Required work:
Find the line below with "the mountain is". Print it and every line after it exactly, through the last line, leaving out the pictures.

Supplied entries:
= Beginning of Section =

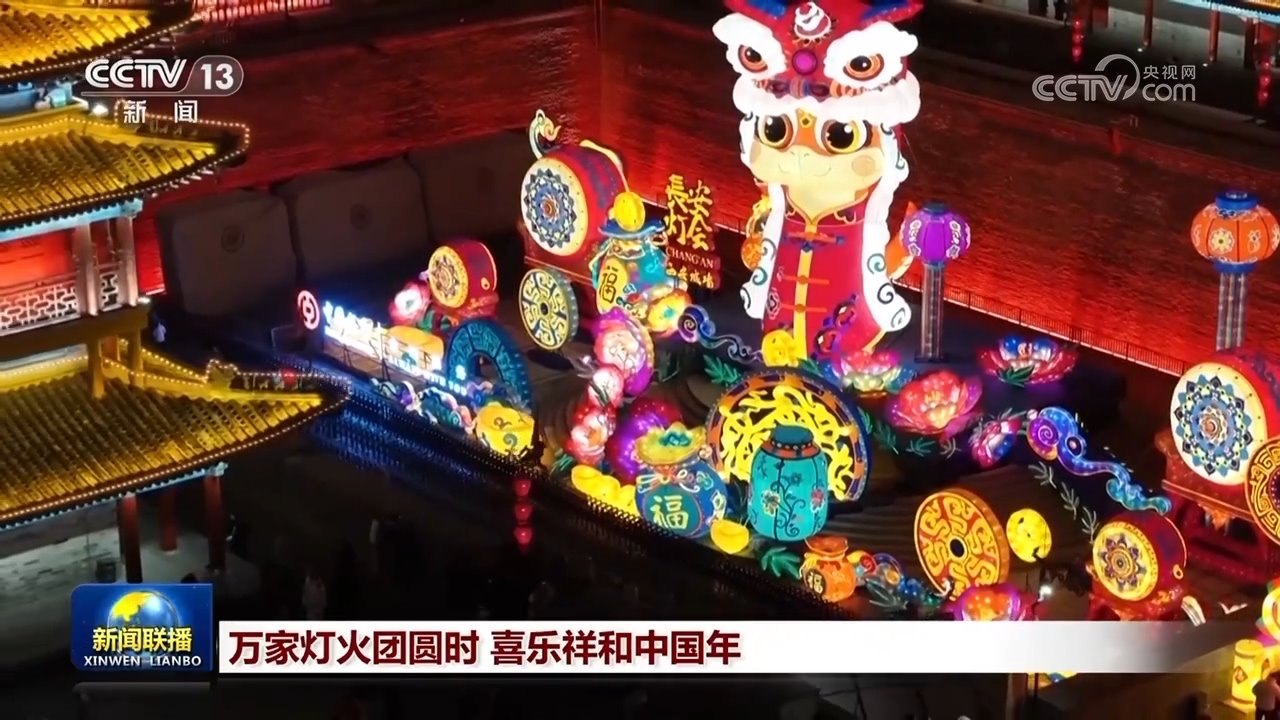 央視網(wǎng)消息(新聞聯(lián)播):福滿萬戶家,錦繡中國年。習(xí)近平總書記說,過好春節(jié)意味著新一年有一個(gè)好的開端,家家戶戶幸福生活、老老少少開心快樂,就是人間美景。我們要一起努力,讓這美景越來越靚麗。這個(gè)新春佳節(jié),神州大地處處張燈結(jié)彩、喜氣洋洋,人們在溫暖祥和的節(jié)日氛圍中,感受濃濃的年味,共享國家發(fā)展成就,共同祝愿偉大祖國國泰民安、繁榮昌盛。
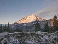 the mountain is covered with snow and has snow capped peak behind it at sunset as seen from a distance
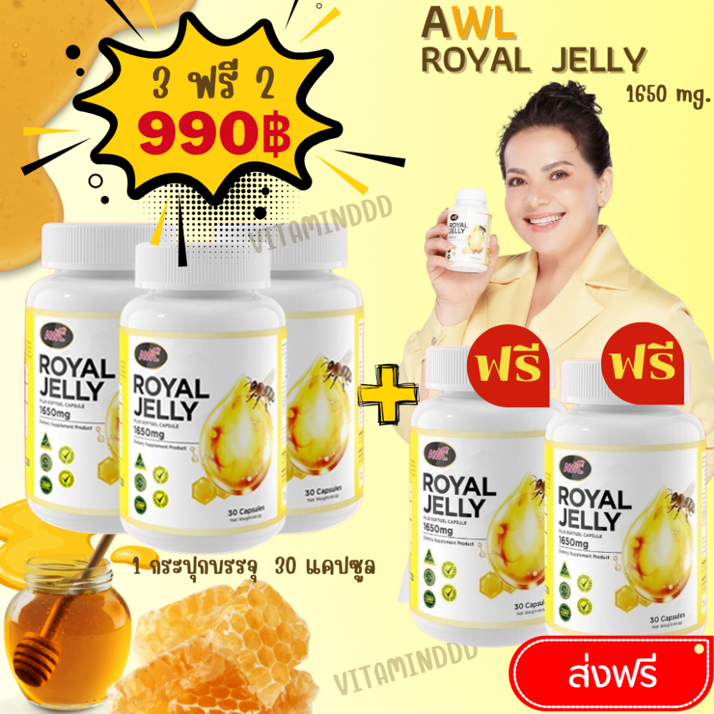 2 แถม 1 #นมผึ้งหนูแหม่ม AWL Royal Jelly 1650mg.นมผึ้งออสเวลไลฟ์ เกรดพรีเมี่ยมนำเข้าจากออสเตรเลีย บรรจ
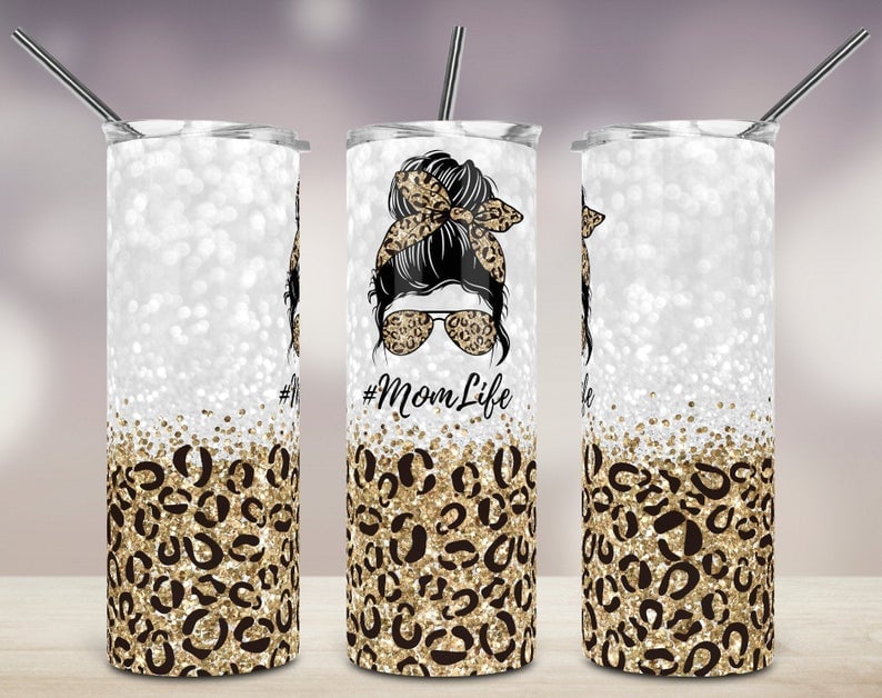 Mom Life Leopard Glitter Tumbler – 20oz Stylish Stainless Steel Cup
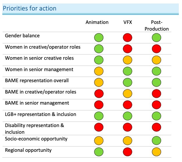 These figures outstrip the 14% figure for BAME representation across the U.K.’s working-age population. In London, where the vfx industry is concentrated, that number is 40% — but, as the report points out, vfx companies recruit globally, not locally. Factoring in the regions from which employees are recruited, the report concludes that the vfx sector exceeds the target for proportionate representation of non-white people; animation and post-production narrowly miss it.
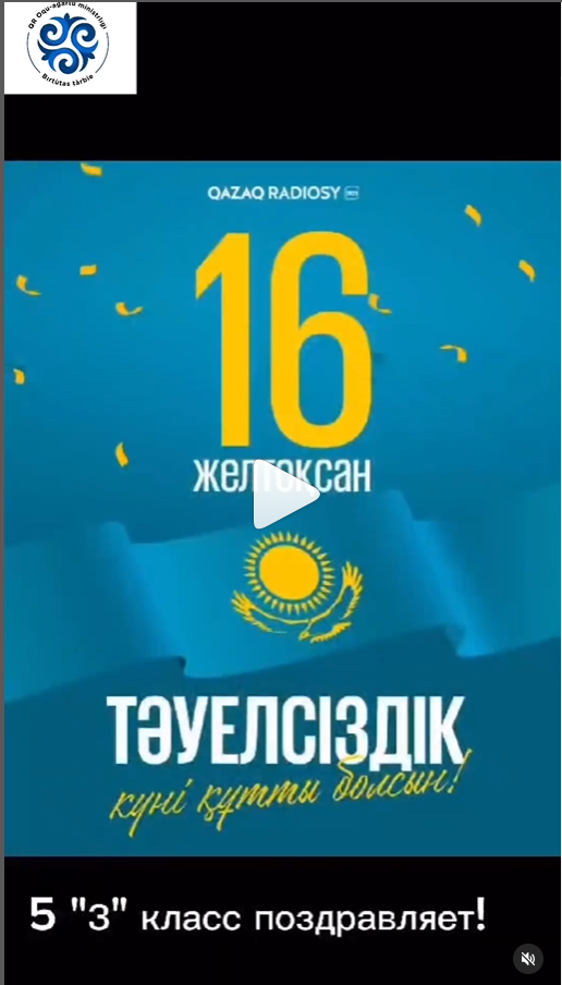 5 «В» сынып оқушыларынан “Егеменді елдігім- Тәуелсіз теңдігім” атты құттықтау челленджін қабыл алыңыздар.
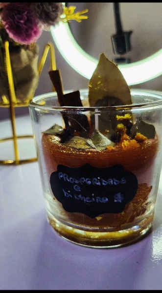 • MARAVILHOSA VELA AROMATIZADA PARA PROSPERIDADE E DINHEIRO COM ESSÊNCIAS FINAS E DECORAÇÕES ESPECIAIS 354G
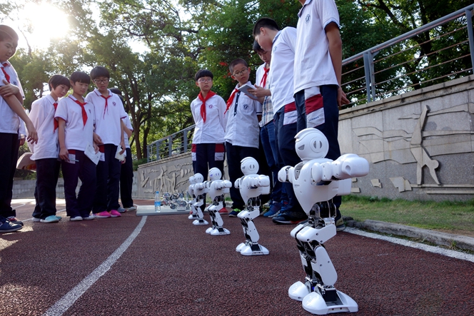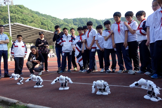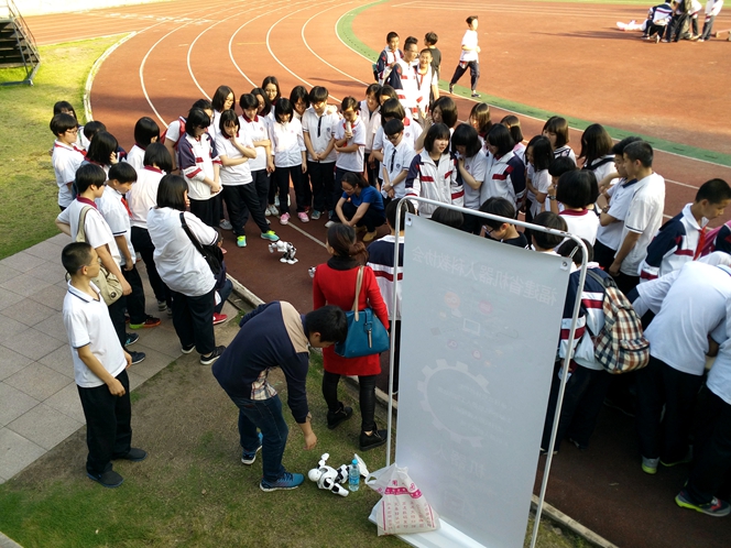 5月12日周四下午第4节,杨为劭、兰长滨、赵燃三位老师在校操场组织七年级的学生进行了航模与机器人作品的集中展示活动。本次展出的航模作品是由杨为劭老师指导的高一研究性学习活动小组设计的飞机模型,而机器人作品是由福建省机器人科教协会的老师们带来的12套机器人设备。同学们对本次展出的航模和机器人作品表现出了浓厚的兴趣,现场活动气氛相当热烈!

= End of Section =

Reply:
 the mountain is covered with snow and has snow capped peak behind it at sunset as seen from a distance
 2 แถม 1 #นมผึ้งหนูแหม่ม AWL Royal Jelly 1650mg.นมผึ้งออสเวลไลฟ์ เกรดพรีเมี่ยมนำเข้าจากออสเตรเลีย บรรจ
 Mom Life Leopard Glitter Tumbler – 20oz Stylish Stainless Steel Cup
 These figures outstrip the 14% figure for BAME representation across the U.K.’s working-age population. In London, where the vfx industry is concentrated, that number is 40% — but, as the report points out, vfx companies recruit globally, not locally. Factoring in the regions from which employees are recruited, the report concludes that the vfx sector exceeds the target for proportionate representation of non-white people; animation and post-production narrowly miss it.
 5 «В» сынып оқушыларынан “Егеменді елдігім- Тәуелсіз теңдігім” атты құттықтау челленджін қабыл алыңыздар.
 • MARAVILHOSA VELA AROMATIZADA PARA PROSPERIDADE E DINHEIRO COM ESSÊNCIAS FINAS E DECORAÇÕES ESPECIAIS 354G
 5月12日周四下午第4节,杨为劭、兰长滨、赵燃三位老师在校操场组织七年级的学生进行了航模与机器人作品的集中展示活动。本次展出的航模作品是由杨为劭老师指导的高一研究性学习活动小组设计的飞机模型,而机器人作品是由福建省机器人科教协会的老师们带来的12套机器人设备。同学们对本次展出的航模和机器人作品表现出了浓厚的兴趣,现场活动气氛相当热烈!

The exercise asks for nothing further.